Speaking up for Nature who has no human voice

Deforestation in Tengah forest

With a loss of at least 90% of our tropical rainforests and up to 73% of our plant species and animal species in the last 200 years, it is heartening at least to see a diversity of voices supporting our disappearing forests.

“Botanist Karl Png, the 23-year-old co-founder of the Singapore Youth Voices for Biodiversity, added that an increasing number of younger Singaporeans are concerned with the state of the environment because it affects their future.

“I think it’s selfish that leaders of today are saying, ‘Young people are great, they will solve the climate change crisis’ and then don’t do anything about it.

“Ultimately, they won’t face the consequences (of inaction)… but future generations will.”

What Singapore needs, said the environmentalists, is a conversation about what it wants for its future — do we value growth and convenience that comes with development over the intangible benefits of retaining what little green spaces are left?

Wildlife activist Vilma D’Rozario believes that the One Million Trees project would be better served by focusing on joining up forest fragments.

“But you have to leave patches of green along the way, otherwise what are you linking?” said the 63-year-old member of the Singapore Wildcat Action Group.”

From “Nature enthusiasts launch petitions to save Bukit Batok Hillside Park and Clementi forest“)

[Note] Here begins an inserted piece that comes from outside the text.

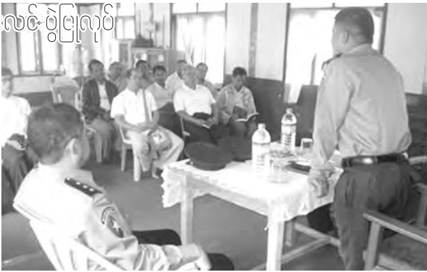
အနေ၊ ပြည်သူများအနေဖြင့်လည်း အချိန်နှင့်တစ်ပြေးညီ သတင်းများ ပေးပို့ကြစေလိုကြောင်းနှင့် တရားခံပြေးများအား လက်သင့်ခံခြင်းတို့၏ ပြစ်မှု၊ ပြစ်ဒဏ်များကို ချပြရှင်းလင်းခဲ့သည်။ ဆက်လက်၍ ရှင်းလင်းပွဲတက်ရောက်လာကြသူများမှ အကြံပြုချက်များ ဆွေးနွေးတင်ပြကြပြီး သိရှိလိုသည်များကို မေးမြန်းခဲ့ရာ တာဝန်ရှိသူများက ပြန်လည်ဖြေကြားခဲ့ကြောင်း သိရသည်။ သူရအောင်(မြန်/ဆက်)

မြို့ပေါ်ရပ်ကွက် အုပ်ချုပ်ရေးမှူးများ၊ နိုင်ငံရေးပါတီများ၊ ဘာသာရေးအဖွဲ့အစည်းများ၊ လူမှုရေးအဖွဲ့အစည်းများနှင့် ပြည်သူလူထုများ တက်ရောက်ခဲ့ကြသည်။ ရှင်းလင်းပွဲတွင် မြို့နယ်ရဲတပ်ဖွဲ့မှူး၊ ရဲမှူးရဲလွင်ဦးက အဖွင့်အမှာစကားပြောကြားပြီး မြို့မရဲစခန်းစခန်းမှူး၊ ဒုရဲမှူးတင်မောင်လေးက မြို့မရဲစခန်းပိုင်နယ်မြေအတွင်း မှုခင်းများအခြေအနေနှင့် မှုခင်းဖော်ထုတ်နိုင်မှု အခြေအနေများ ရှင်းလင်းခြင်း၊ ပြည်ထဲရေးဝန်ကြီးဌာနနှင့် မြန်မာနိုင်ငံရဲတပ်ဖွဲ့ဌာနချုပ်တို့မှ ချမှတ်ပေးသည့် တရားခံပြေးများ ဖမ်းဆီးရမိရေး ညွှန်ကြားချက်အပေါ် ဆောင်ရွက်မှု အခြေ

We have perhaps reached a crucial cross-road where we need to choose between:

🔥 further deforestation for short-term gratification with eventual self-destruction


🌳 recycling of existing lands for long-term survival with sustainable development.

My hope is to see more of our voices advocating nature conservation, not only for the sake of ourselves and our future generations, but also our voiceless and vulnerable flora and fauna.

Even if we replant 1 million trees in parks and gardens and along roadsides to replace 1 million trees lost through deforestation, we cannot replace forest biodiversity (plants and animals) that will have been lost. It also takes a forest decades, or more likely centuries, to grow and recover to become a healthy ecosystem.

(Photos show the desecration and destruction of our natural habitat of Tengah forest, Singapore, dated 10 Nov 2020)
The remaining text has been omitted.